The dishwasher. Don't bother trying to load my dishwasher for me. I will only take everything out and do it again. The right way.
lights. I cannot sleep in total darkness. There must be some light on somewhere in the house. Even if it's just a night light that I can barely detect. I just need to know it's there. This might seem normal to you, even ok, but I take it just a bit farther. I project my fear of the dark onto everyone else. When we go out, I have to leave a light on in the kids room for the frogs. I'm not kidding.
Physical sensitivity. I have sensitive skin. Don't poke me or prod me when you are talking to me. I have such a low tolerance for pain that a slight poke in my shoulder with your pointy finger will leave me with a black and blue. I am also very sensitive to cold. Don't come near me with a cold can of soda or ice cubes or anything that may accidently brush up against me and cause me to recoil in horror. And while we are talking about physical things, I am not a touchy feely person. Don't pat me on the back or touch my hair or hug me when it is apparent I do not want a hug. Also, if the signs are evident that I am PMS, don't make any attempts whatsoever to get within a foot of me. Touch me and I will take a swing at you (Justin has immunity to this rule).
eating. I do not drink any fluids at all with my meals. I wait until after. It's just some kind of strange habit I have had since childhood. I can't eat and drink at the same time. And I won't drink anything carbonated, either. It's water or iced tea, to be drank after my dinner is completely finished. The other thing about food is I never finish anything. I will leave one tiny crumb or piece of everything on my plate. I will leave at least one chip in a bag, one sip of coffee in a cup, one little bite of a donut. Don't ask why. I don't know.
Control. I will not give it up. I will not let go. Once I have control of something you will have to pry it from my cold, dead hands. This pertains to intellectual property as well as physical. If I say I am making dinner, do not come into the kitchen and make suggestions as I am cooking. If I am driving, do not give me directions or suggestions or use that imaginary brake that all my passengers insist is there. If I have the remote, do not attempt to come near me or even make a suggestion that I change the channel. You will die. If I have an idea or am starting a project, don't attempt to come swooping in with your ideas that will make my idea or project more workable. I don't care if it will make my life easier. I thank you for your suggestion, but back off, buddy.

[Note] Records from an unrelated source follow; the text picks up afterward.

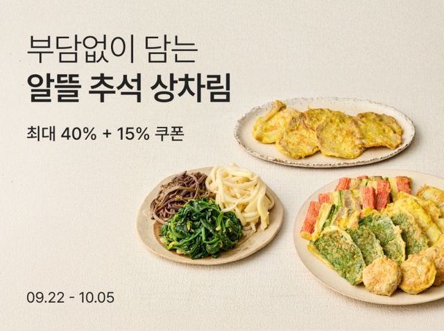 명절 모둠 나물과 모둠 전, 잡채 등을 한 번에 준비하길 원한다면 배송 희망일을 지정할 수 있는 ‘상차림 세트’가 제격이다. 전국 각지의 신선한 재료로 반찬을 만드는 동구나무 명절한정 상차림 세트를 비롯해 진가네반찬 명절 상차림 세트, 도리깨침 명절한정 프리미엄 상차림 세트 등을 선보인다. 명절 당일 이틀전부터 샛별배송으로 받을 수 있고, 추석 얼리버드 쿠폰을 활용하면 추가 할인도 가능하다.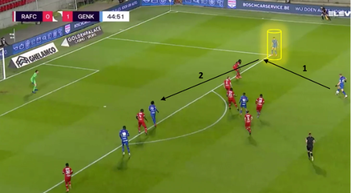 Практически все ассисты (7) в сезоне 2020-21 происходили по следующему сценарию: Муньос получает передачу из глубины на скорости, затем входит с ним в штрафную и либо простреливает, либо откатывает чуть назад под удар набегающему. Совокупно процент точных передач в сезоне составляет 87% (в среднем 56 за матч, главным образом без обострения, key passes - 0.51).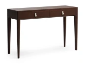 Универсальный консольный стол, который уверенно выполнит функцию косметического столика. Компактные габариты позволяют использовать стол в узком холле или небольшой комнате, а утонченный образ модели поддержан оригинальной фрезеровкой ножек и ручками из натуральной кожи, выполненными вручную мастерами The IDEA.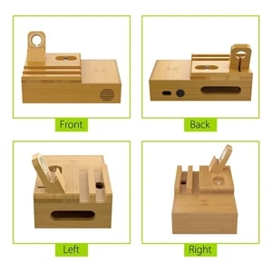 7.88" x 4.72" x 2.17" bamboo wood desk technology organizer with storage compartment, space for four devices and magnetic base.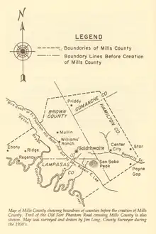 By 1885, the pre-Mills area had reached a population of 6,493 and had become civilized enough to justify forming a new county.[1][12] At the time, the only significant communities were Center City, Mullin, Star, and Williams Ranch.[1] Even so, both Goldthwaite and Mullin were only tent villages.[1][12]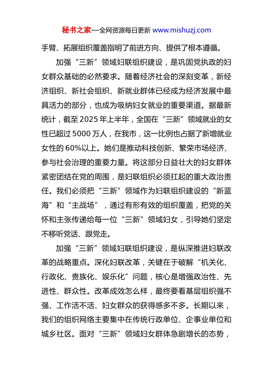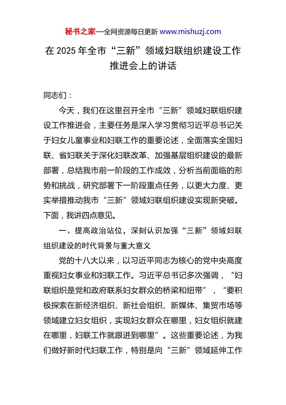 秘书之家—全网资源每日更新 www.mishuzj.com在 2025 年全市“三新”领域妇联组织建设工作推进会上的讲话 同志们:今天,我们在这里召开全市“三新”领域妇联组织建设工作推进会,主要任务是深入学习贯彻习近平总书记关于妇女儿童事业和妇联工作的重要论述,全面落实全国妇联、省妇联关于深化妇联改革、加强基层组织建设的最新部署,总结我市前一阶段的工作成效,分析当前面临的形势和挑战,研究部署下一阶段重点任务,以更大力度、更实举措推动我市“三新”领域妇联组织建设实现新突破。下面,我讲四点意见。一、提高政治站位,深刻认识加强“三新”领域妇联组织建设的时代背景与重大意义党的十八大以来,以习近平同志为核心的党中央高度重视妇女事业和妇联工作。习近平总书记多次强调,“妇联组织是党和政府联系妇女群众的桥梁和纽带”,“要积极探索在新经济组织、新社会组织、新媒体、集贸市场等领域建立妇女组织,实现妇女群众在哪里,妇女组织就建在哪里,妇联工作就跟进到哪里”。这些重要论述,为我们做好新时代妇联工作,特别是向“三新”领域延伸工作秘书之家—全网资源每日更新 www.mishuzj.com手臂、拓展组织覆盖指明了前进方向、提供了根本遵循。加强“三新”领域妇联组织建设,是巩固党执政的妇女群众基础的必然要求。随着经济社会的深刻变革,新经济组织、新社会组织、新就业群体已经成为经济发展中最具活力的部分,也成为吸纳妇女就业的重要渠道。据最新统计,截至 2025 年上半年,全国在“三新”领域就业的女性已超过 5000 万人,在我市,这一比例也占据了新增就业女性的 60%以上。她们是推动科技创新、繁荣市场经济、参与社会治理的重要力量。将这部分日益壮大的妇女群体紧密团结在党的周围,是妇联组织必须扛起的重大政治责任。我们必须把“三新”领域作为妇联组织建设的“新蓝海”和“主战场”,通过有形有效的组织覆盖,把党的关怀和主张传递给每一位“三新”领域妇女,引导她们坚定不移听党话、跟党走。加强“三新”领域妇联组织建设,是纵深推进妇联改革的战略重点。深化妇联改革,关键在于破解“机关化、行政化、贵族化、娱乐化”问题,核心是增强政治性、先进性、群众性。改革成效怎么样,最终要看基层组织强不强、工作活不活、妇女群众的获得感多不多。长期以来,我们的组织网络主要集中在传统行政单位、企事业单位和城乡社区。面对“三新”领域妇女群体急剧增长的态势,秘书之家—全网资源每日更新 www.mishuzj.com如果我们不能及时跟进、有效覆盖,妇联组织的群众基础就可能被削弱,桥梁纽带作用就可能打折扣。因此,向“三新”领域进军,是妇联组织自我革新、强基固本的破题之举,也是衡量我们改革是否“落地见效”的关键标尺。加强“三新”领域妇联组织建设,是精准服务妇女群众的现实需要。“三新”领域的妇女群体呈现出年轻化、高知化、职业多元化、需求个性化等新特点。她们在职业发展、权益维护、婚恋交友、家庭教育、身心健康等方面,面临着许多新情况、新问题。比如,平台女骑手、女主播等灵活就业女性的劳动保障问题,女性科创人才的成长发展瓶颈问题,社会组织女性负责人的能力提升问题等,都需要我们提供更加精准、专业、高效的服务。建立妇联组织,就是要打造一个离她们最近、最懂她们、最能帮助她们的“娘家”,及时了解她们的所思所想所盼,有效回应她们的急难愁盼,把服务送到她们最需要的地方,切实增强她们的获得感、幸福感、安全感。二、聚焦重点任务,精准施策破解“三新”领域妇联组织建设的难点堵点推进“三新”领域妇联组织建设是一项系统工程,既要扩大覆盖面,更要提升组织力。截至 2025 年上半年,全市已在“三新”领域建立妇联组织近 1800 个,取得了一定秘书之家—全网资源每日更新 www.mishuzj.com成效,但依然存在覆盖不均衡、作用发挥不充分、队伍活力不足等问题。我们必须坚持问题导向,精准施策,务求实效。(一)坚持党建引领,实现“两个覆盖”同频共振。党建是做好一切工作的根本保证,“三新”领域妇联组织建设必须紧紧跟上党建的步伐。要主动融入党建工作大局,建立健全与组织、市监、民政、商务...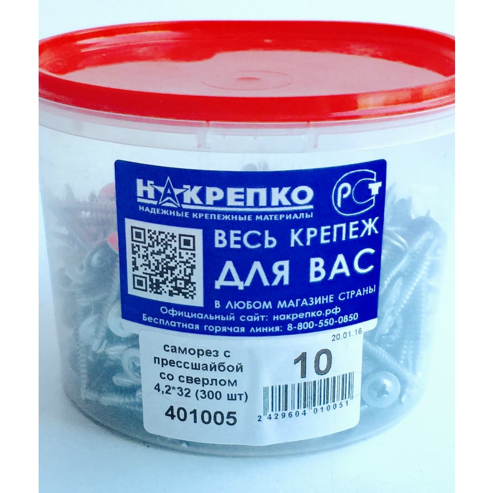 Саморез НАКРЕПКО с прессшайбой, со сверлом, 4,2х32, 300 шт. 401005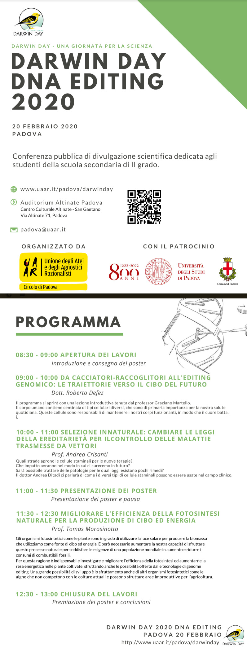 20 febbraio «Darwin Day 2020 DNA editing per le scuole» presso l’auditorium del centro culturale Altinate dalle ore 8:30 alle ore 13:30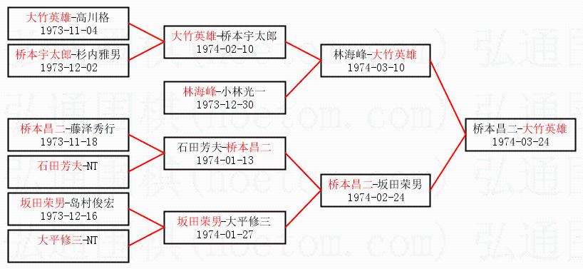 3.下半区半决赛桥本昌二获胜,比分:桥本昌二1:0坂田荣男。棋局: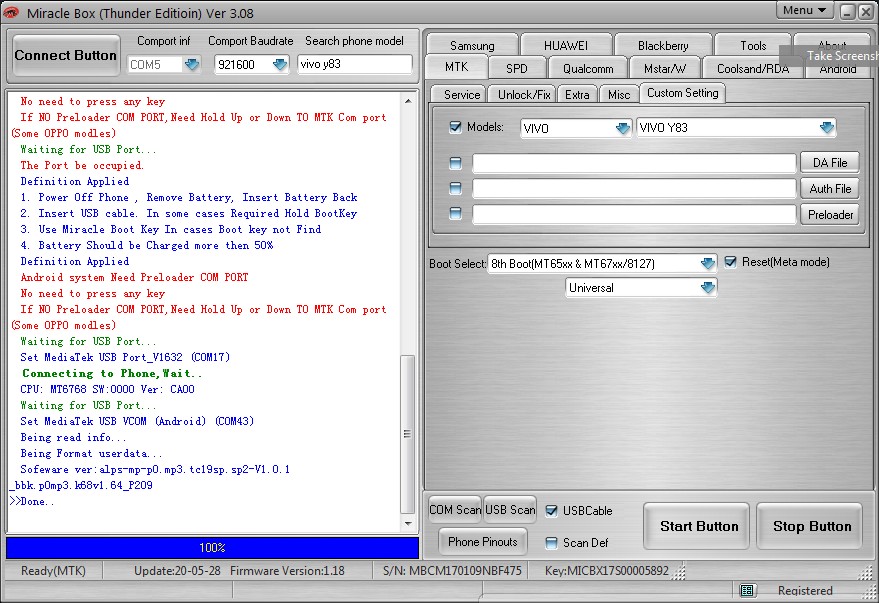 Vivo y19(1915) factory reset( meta mode) done with miracle box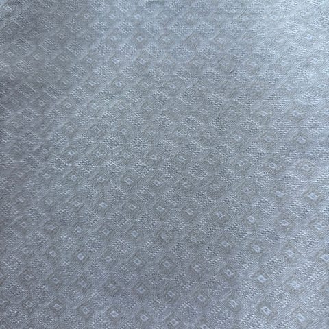 Polyester tekstiler i mellomblå farge. Tekstilen har et mønster med små geometriske former og en myk, vevd struktur. Egnet for bruk som for i jakker og kåper.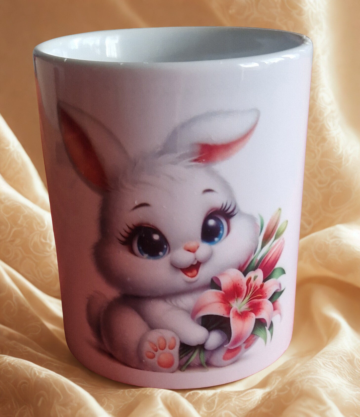 Tasse en céramique blanche motif lapin avec fleur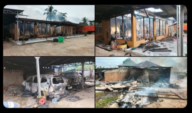 Tak hanya membakar rumah, warga yang marah juga membakar sepeda motor hingga mobil milik lurah.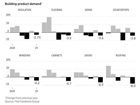 In a separate report, The Wall Street Journal cites The Freedonia Group's data showing that a frozen housing market has curbed demand for appliances, cabinets, and flooring, among other products.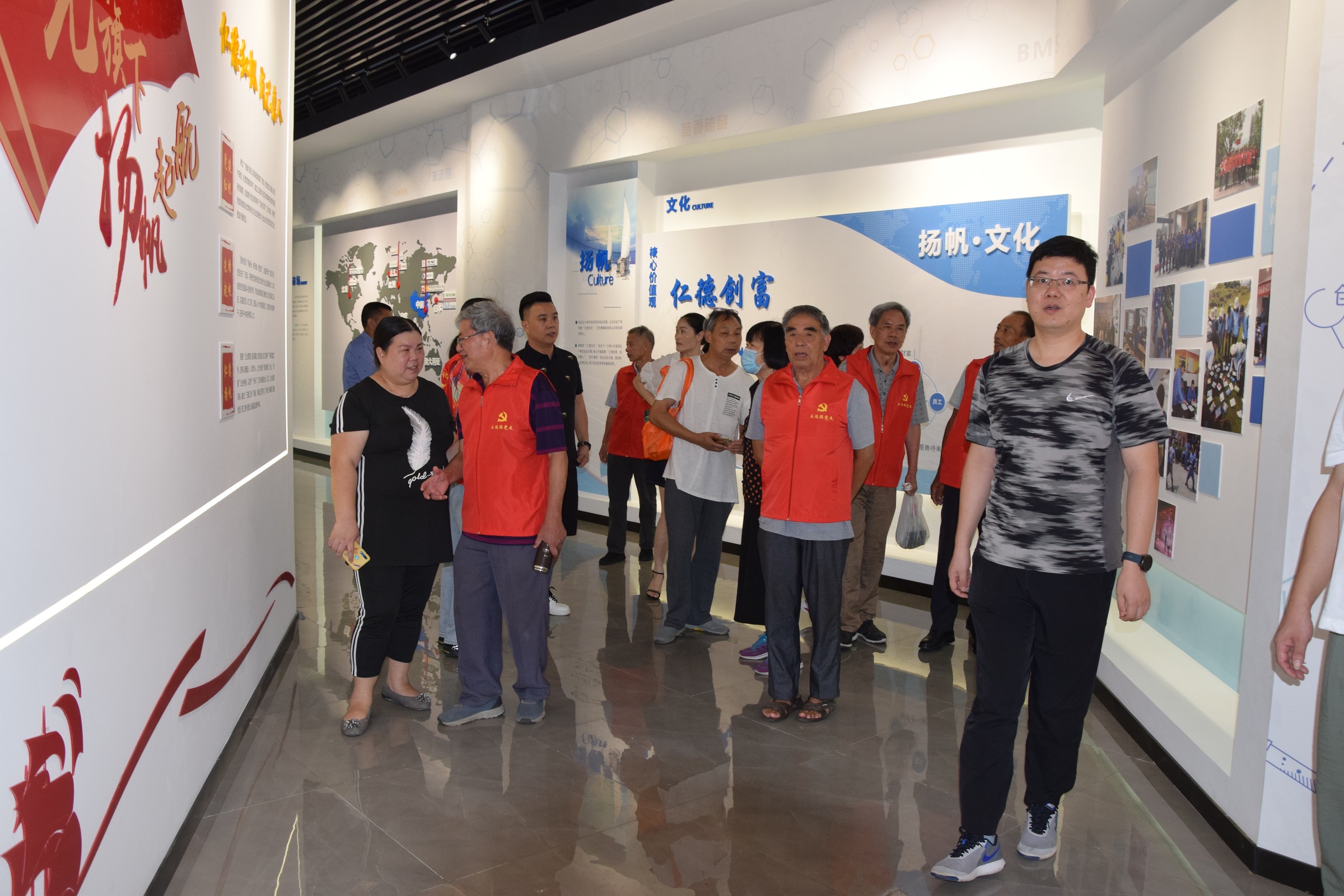 8月9日上午,載著老黨員的大巴車緩緩來到揚(yáng)帆新材上虞生產(chǎn)基地?;貜堄辣蚩偨?jīng)理帶領(lǐng)管理層熱情迎接老前輩的到來。在張總的陪同下,各位老黨員先后參觀了企業(yè)發(fā)展(產(chǎn)品)展示廳、黨建展廳、公司中控室和生產(chǎn)現(xiàn)場。在企業(yè)發(fā)展展廳,老黨員們駐足觀看 ,一張張老照片、一幅幅新場景,讓老黨員感受到了公司的巨大變化和飛躍發(fā)展。“不一樣了”是其中出現(xiàn)的一個(gè)高頻詞匯,回憶著自己在壽爾福工作的舊年時(shí)光,老黨員們頗多感觸,大家憶往昔歲月,談變化,談感想,都衷心祝愿公司發(fā)展越來越好。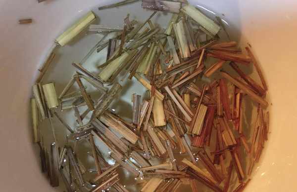 1、首先將制作菜品的食材以及調味料準備齊全,先把幹香茅草剪碎一些,然後放進容器中,倒入適量的冷水浸泡片刻。(市面上有新幹的香茅草也有新鮮的香茅草,大傢隨意購買即可,如果實在沒有就不要放。)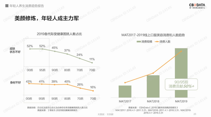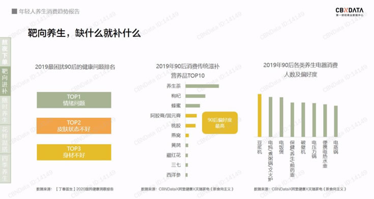 根據(jù)CBNData《年輕人養(yǎng)生消費趨勢報告》(以下簡稱“報告”)顯示,我國半數(shù)以上的90后有脫發(fā)、掉發(fā)、視力減弱的困擾,同時約有四成90后有肥胖、運動能力下降的情況,還有三成出現(xiàn)了免疫力下降的問題。“三十而立”的90后們,正積極加入“養(yǎng)生大軍”。

And then there's the little things that people have a problem with that I don't. Let's go over the list quickly, ok?
Yes, I have to pee almost hourly. I can't help it, stop making fun of it. Yes, I wear black every day. All black. Don't buy me pink shirts for my birthday. I won't wear them. Don't suggest a day of shopping together, the kind of day where you will point out all the brightly colored clothes and remark how wonderful they would look on me. Not gonna happen. Don't assume my choice of wardrobe reflects my life. It does not. Just because you wear green shirts and purple pants with your red hair and blue makeup, I do not assume you are a circus clown. Yes, I am extremely confrontational with complete strangers but not with my family. This has been pointed out to me many times and I do not consider this a quirk. It's called self-preservation. The sound of chairs scraping across a floor will drive me nuts. I cannot stand to have more than one noise going on at the same time. I get up at 4:30 a.m. I hate pets. I don't look people in the eye when I talk to them. I feel every milk container before I pick one out to buy because I think that if the container feels like its bloated, the milk is bad. I will never use the first or last stall in a public bathroom. I can only sit in the end seat in movie theaters.
Oh, and I tend to run on and on and on, not really knowing when or how to end a thought.